Adv Van Schoor felt it should be reiterated that this seemed to be an important tool to prevent the creation of unnecessary units outside of the public service. It was also important, once a review was conducted, to bring some of them back to the public service whether as a government component or as a specialised unit.

Mr N Gcwabaza (ANC) wanted clarification of Slide 5: "Subject to relevant Treasury's approval, accounting officer of department must delegate all financial functions in terms of the Public Finance Management Act to head of unit". Should it be 'must' or 'may' and what would be the function of the Accounting Officer?

Adv Van Schoor responded that in terms of accountability, the financial delegation would be only for financial powers with respect to that unit and not the whole department. The rest of the department would still be under the responsibility of the Accounting Officer. On question of 'must' or 'may', it was intended to be a 'must'.

Ms Clark added that, specifically with provincial legislatures, it would be much easier in terms of program funding and the conditional grant allocating money to such a special delivery unit. If it had already been authorised and had followed the treasury processes from the financial perspective, it made it much easier in terms of funding.

Mr Khumalo required clarification on Slide 10: "Clarify that if department does not adhere to time frames in grievance procedure of the Public Service Commission, employees may refer dispute to bargaining council or institute court proceedings". He asked if was "must" or "may" and if the answer was "may" did it then imply that the employee can also use the common law route.

Adv Van Schoor stated that the employee could decide which route they chose to take and it was supposed to be "may".

Presentation on South African Police Services submission
Adv Van Schoor explained that SAPS had brought concerns with the regard to Bill to the DPSA. The SAPS was chiefly concerned about the power of the Minister and the proposed employment practices. They had had a few bilateral meetings with them. SAPS had an initial concern that the Department of Public Services and Administration would have the power to enforce employment practices (see document).

Mr M Sikakane (ANC) wanted to know the present situation.

Adv Van Schoor replied that the police could raise their own salaries via collective bargaining.

Mr Sikakane wondered what problem the police had previously when they were complaining about the lower salaries.

Mr Baloyi stated that the involvement of the sector minister would allow for the uniqueness of each decision and would have to take the different circumstances into account.

Adv Van Schoor stated that she should not say for sure but that usually the budget played quite a big role in salaries and raises.

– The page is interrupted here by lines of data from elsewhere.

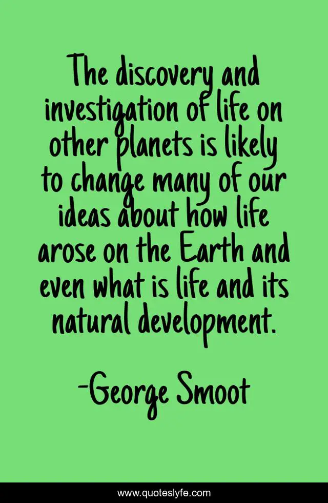 This page presents the quote "The discovery and investigation of life on other planets is likely to change many of our ideas about how life arose on the Earth and even what is life and its natural development.". Author of this quote is George Smoot. This quote is about life, ideas, change,.
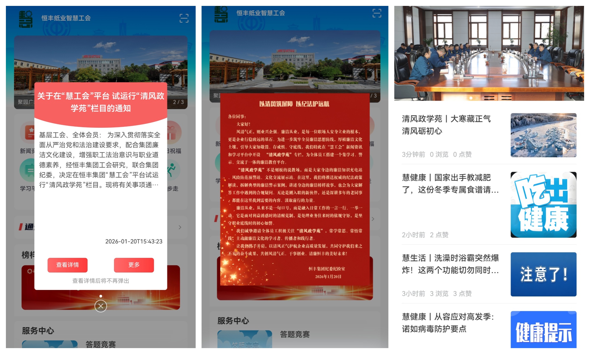 恒豐集團(tuán)紀(jì)委“清風(fēng)政學(xué)苑”欄目在“慧工會(huì)”平臺(tái)正式上線試運(yùn)行
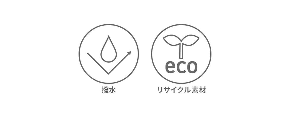 | 素材 | <表地> リサイクル繊維(rPET)由来のポリエステルを使用したポリウレタン(PU)、無溶剤 |
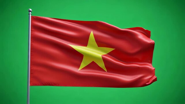 Flag of Vietnam waving on a flagpole over a green screen. National symbol on chromakey backdrop for patriotism concept.
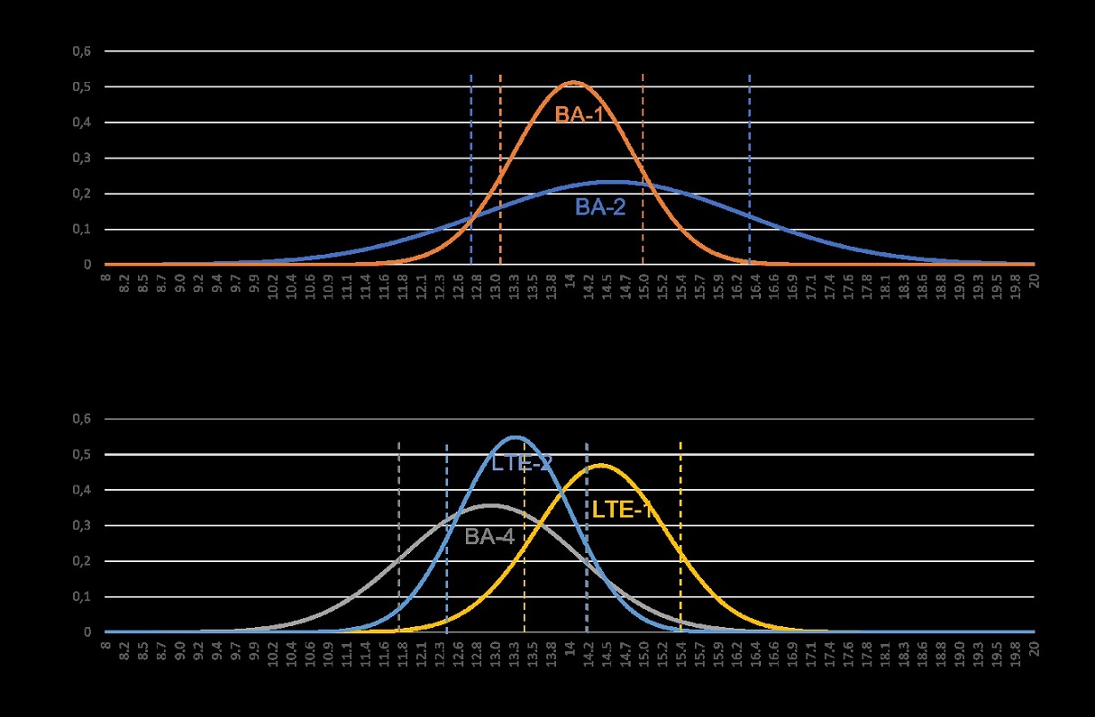 Fig. 7. Probability density function curves calculated from the exposure ages. Age of samples BA1, BA2 and BA4 obtained in this work and LT-1 and LT-2 recalibrated from data of Glasser et al. (2006). Segmented line shows 1 sigma uncertainty. A: samples in Bayo Lake area. Their 1-sigma uncertainty overlaps in the range between 13.1 ka and 15 ka. B. samples in Bayo Pass area. Their 1-sigma uncertainty overlaps in the range between 13.4 ka and 14.2 ka.
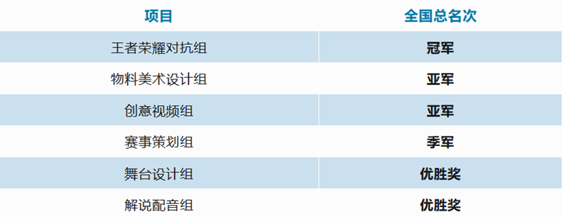 王者荣耀对抗组项目直接拿下全国冠军!将10000元奖金轻松收入囊中!物料美术设计组斩获全国亚军,5000元奖金!物料美术设计组全国亚军,创意视频组斩获全国亚军,获5000元奖金,每一个精彩画面都被创意制作直接拉满!
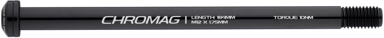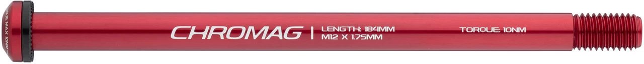 Specifications:Over Locknut Dimension:Rear: 148 mmAxle Diameter:12 mmTechnical Information:Use:rear: 12 x 148 mmType:thru-axleAxle Material:aluminium (7075-T6)Axle Length:184 mmNominal Diameter:M12Thread Pitch:1.75Features:solid, rigid aluminium thru axle for Chromag framesomission of lever eliminates the risk of getting stuckfixed steel washer to protect the frame’s paintM6 tool holderManufacturer Numbers:black:145-003-02red:145-003-03Contents:1 x Chromag Stealth Boost thru-axle
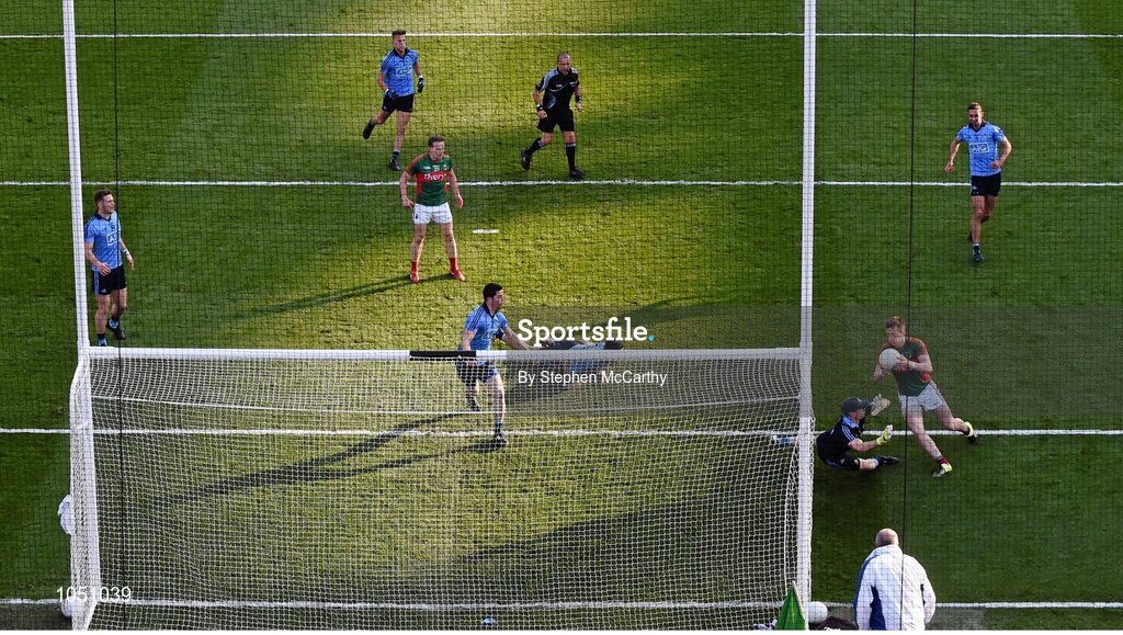 5 September 2015; Cillian O'Connor, Mayo, goes around Dublin goalkeeper Stephen Cluxton to score his side's goal. GAA Football All-Ireland Senior Championship Semi-Final Replay, Dublin v Mayo. Croke Park, Dublin. Picture credit: Stephen McCarthy / SPORTSFILE
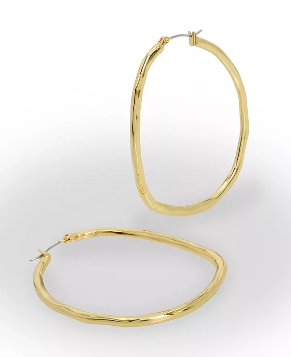 Изысканные крупные скульптурные серьги-кольца, украшенные слегка кованой текстурой, идеально подойдут на каждый день.

Mr Boloyi then asked about the ministerial determination.

Adv Van Schoor clarified that the determination would still be made by the Minister but there had to have been the concurrence of the Portfolio Committee.

Ms L Maloney (ANC) asked about bonuses if salaries would then be uniform.

Adv Van Schoor stated that bonuses were supposed to be covered by the term ‘pay incentives’.

Presentation on the North West Premier matters
Mr A Mulaundzi (Director of Legal Services: DPSA) explained that there had been concerns with regard to government agencies and accountability, namely the head of department. The Bill did not provide a review for sanctions.  Regarding the disciplinary process, the new department employing that person should be able to continue with the disciplinary process. The head of department should be able to give it to the premier and not just refer all grievances to the Public Service Commission.

Mr Gomomo wanted to know if the person who had a grievance had the right to raise the grievance with the person who caused it, since he did not believe in shifting the problem.

Mr Mulaudzi said it was an enabling provision.

Ms Maloney cautioned that the Public Service Commission was not a ceiling and that other institutions can be consulted.

The Acting Chairperson thanked all the participating stakeholders and the department and adjourned the meeting.